# Benötige Hilfe mit DB Treiber



## Stefan81 (16. Okt 2008)

Hallo,

ich habe ein VRML Programm geschrieben, welches mittels eines Java Script Node (nicht Javascript) Datensätze aus einer Datenbank liest und über VRML ausgibt. Das VRML Programm läuft über den Octaga-Player.

Das Programm funktioniert soweit ohne Probleme (lokal), auch die Datenbankabfrage. Das Ganze soll nun aber online verfügbar sein. Ich möchte allerdings nicht, das jeder User sich die MySQL Treiber installieren muss. Im Prinzip geht es darum dieses Programm auf einem Rechner ohne vorhandenen MySQL Treiber zum laufen zu bringen.

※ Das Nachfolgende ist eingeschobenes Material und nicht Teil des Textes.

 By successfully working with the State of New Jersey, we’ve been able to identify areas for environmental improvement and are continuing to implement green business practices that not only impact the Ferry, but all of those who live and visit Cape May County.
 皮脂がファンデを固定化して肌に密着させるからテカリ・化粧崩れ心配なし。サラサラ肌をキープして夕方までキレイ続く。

Ich habe nicht die Möglichkeit ein Jar-File zu verwenden, da dies nicht von VRML aufgerufen wird. (Habe ich schon versucht)

Der Treiber wird bei mir über Class.forName() geladen und ich verwende die mysql-connector-java-5.1.6-bin.jar

Ich suche schon seit Stunden nach einer Lösung oder zumindest eines möglichen Lösungsansatzes. 

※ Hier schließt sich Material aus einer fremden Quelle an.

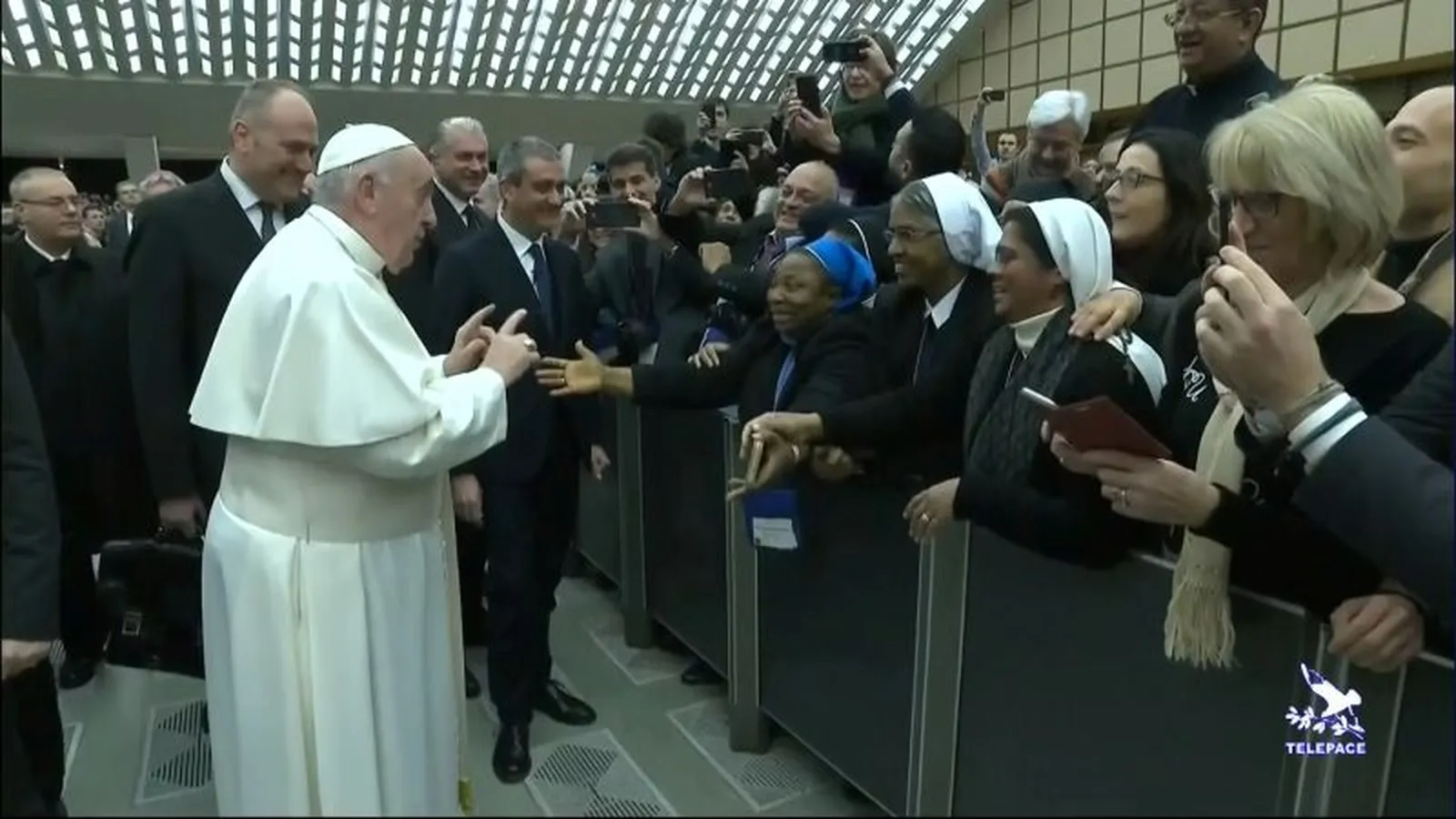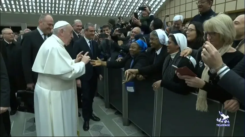 En el pasillo central del aula Pablo VI donde se celebró la audiencia general, mientras saludaba como es habitual a los fieles, Francisco se detuvo ante unas monjas y al ver a una de ellas muy agitada que gritaba: "Viva el Papa" le dijo sonriendo: "tú muerdes".

Ist es überhaupt möglich den MySQL-Treiber von einem nicht lokalen Ort (Internet) zu laden?
Gäbe es vielleicht eine Möglichkeit den Treiber in das Class-File einzufügen?
Gibt es andere Möglichkeiten?

Ich hoffe es kann mir jemand helfen. Da dies das erste mal ist, das ich mit Java arbeite, wären weiterführende Anleitungen oder Links zu möglichen Lösungen sehr hilfreich für mich.


Danke

Stefan


----------



## maki (16. Okt 2008)

Schon mal an Java Webstart gedacht?


----------



## Stefan81 (17. Okt 2008)

Ich habe mir einige Java Web Start Tutorials angeschaut. Dabei bin ich aber auf 2 Probleme gestoßen.

1. Java Web Start wird mittels eines JNLP Files gestartet. Ich kann aber nur Javascript und Class Files aus VRML heraus aufrufen.

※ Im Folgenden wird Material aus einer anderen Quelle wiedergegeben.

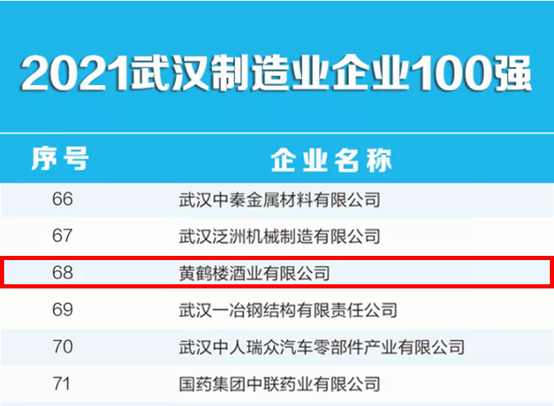 8月23日,2021年武漢企業(yè)100強(qiáng)榜單發(fā)布,黃鶴樓酒業(yè)榮登2021武漢制造業(yè)企業(yè)100強(qiáng)。
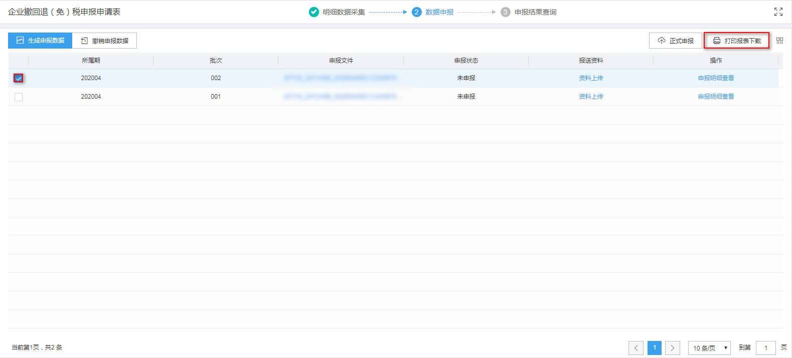 勾选已生成的数据,点击“打印报表下载”按钮,将报表保存至本地电脑后,进行表单打印。如图:

2. Java Web Start möchte von mir eine main-class haben. Aber mein Java File besitzt keine, da dies kein Standardprogramm ist, sondern eine Scripterweiterung.

Das sind im Prinzip fast die gleichen Probleme, welche ich mit Jar Files habe.

Aber Danke erstmal.


----------



## maki (17. Okt 2008)

Hast du etwa ein Applet?


----------



## Stefan81 (17. Okt 2008)

Ja kann man sagen. Es ist nicht ohne Octaga Player und VRML lauffähig.

Das hätte ich gleich sagen sollen, oder? javascript:emoticon('')


----------